Собрались у меня дома: я, Слава с женой, тётя Лена и дядя Костя, который говорил мало, но метко.
— А ты уверена, что Галя не манипулировала? — спросил он. — Ты же юрист, Лена, можешь поднять бумаги.
— Я уже, — кивнула та. — Завещание составлено при полной дееспособности, с медицинской справкой. Всё чисто.
Я слушала, будто это всё — про кого-то другого.
Слава сидел молча. Жена его вертела в руках чашку, как будто это была граната.
— Ты ничего не знал? — спросила я.
Он пожал плечами.
— Она как-то намекала… Но я думал — пугает. Типа «вот уйду, и всё вам чужое останется». Знал бы — отговорил.
— Отговорил бы? — резко сказала я. — Или потакал, как всегда?
Он посмотрел. Улыбнулся криво.
— Лен, тебе что, правда эта квартира нужна? У тебя своя есть. Ты без кредита уже. У тебя всё нормально.

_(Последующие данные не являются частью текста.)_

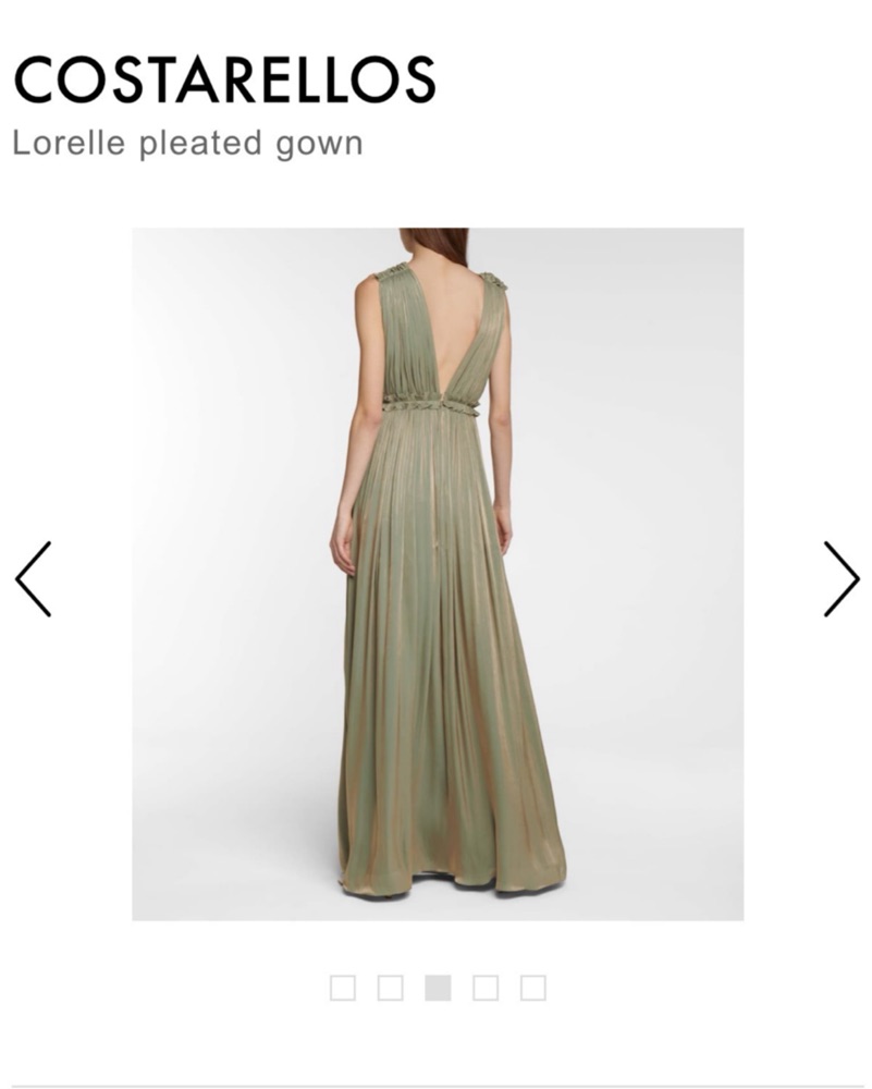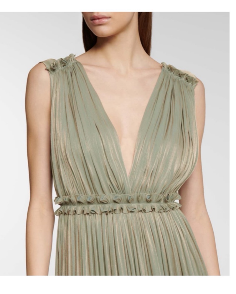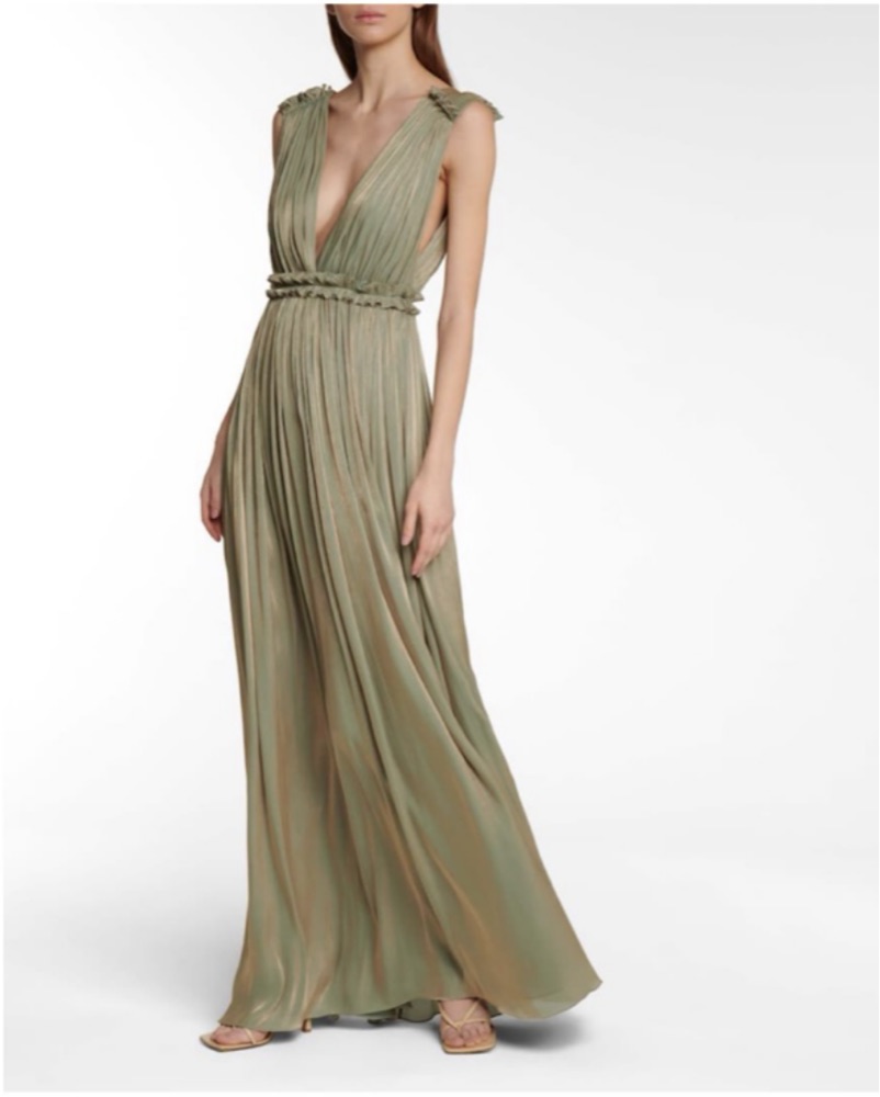 Green pleated gown with highlights of gold. Perfect for a bridesmaid dress and weddings!

— Да не в квадратных метрах дело! — вспыхнула я. — Дело в том, что я сорок лет рядом! А теперь мне говорят: ты не душевная, ты не подходила с пирогом, ты не рассказывала сказки на ночь, — значит, недостойна!
Молчание.
А потом вдруг тётя Лена встала и, глядя прямо на Славу, сказала:
— Слушай, а ты хоть сам понял, что теперь? Гале квартира. Гале! Ни тебе, ни Лене.
— А она нам обещала… — тихо пробормотал он.
— Обещала? — усмехнулась тётя. — А ты у нотариуса спроси, как часто «обещают», а потом живут и всё переписывают на внучатого племянника. Или на медсестру. Или на кошку.
— Я не понимаю, — вдруг выдохнула я. — Почему… Почему мама ничего не сказала?
— Потому что знала, что вы сцепитесь, — отрезал дядя Костя. — Знала, что не примете. А ей спокойно хотелось. Хоть напоследок.
После этого разговора мне стало хуже, а не легче.
Спорить через суд я не стала. Бессмысленно.
Да и какой смысл? Я не хотела выбивать обратно то, что должно было быть по любви.
Мама не позвонила, не сказала, не попросила.
Просто ушла, оставив всё другой женщине.
Через два месяца Слава и его семья переехали. В новостройку. «Обменяли старьё на старт». Они оформили доверенность от Гали, продали квартиру, взяли в ипотеку, переехали. Всё. Как будто этого дома и мамы уже не было.
Я поехала к тому подъезду одна. Стояла под окнами. Ничего не чувствовала.
До поры.
Прошло полгода.
Я почти не общалась с братом. Иногда, по праздникам, он слал смайлики в мессенджере. Иногда тётя Лена звонила и всё приговаривала:
— Так и не могу в это поверить… Ни стыда, ни совести у них, ни у неё.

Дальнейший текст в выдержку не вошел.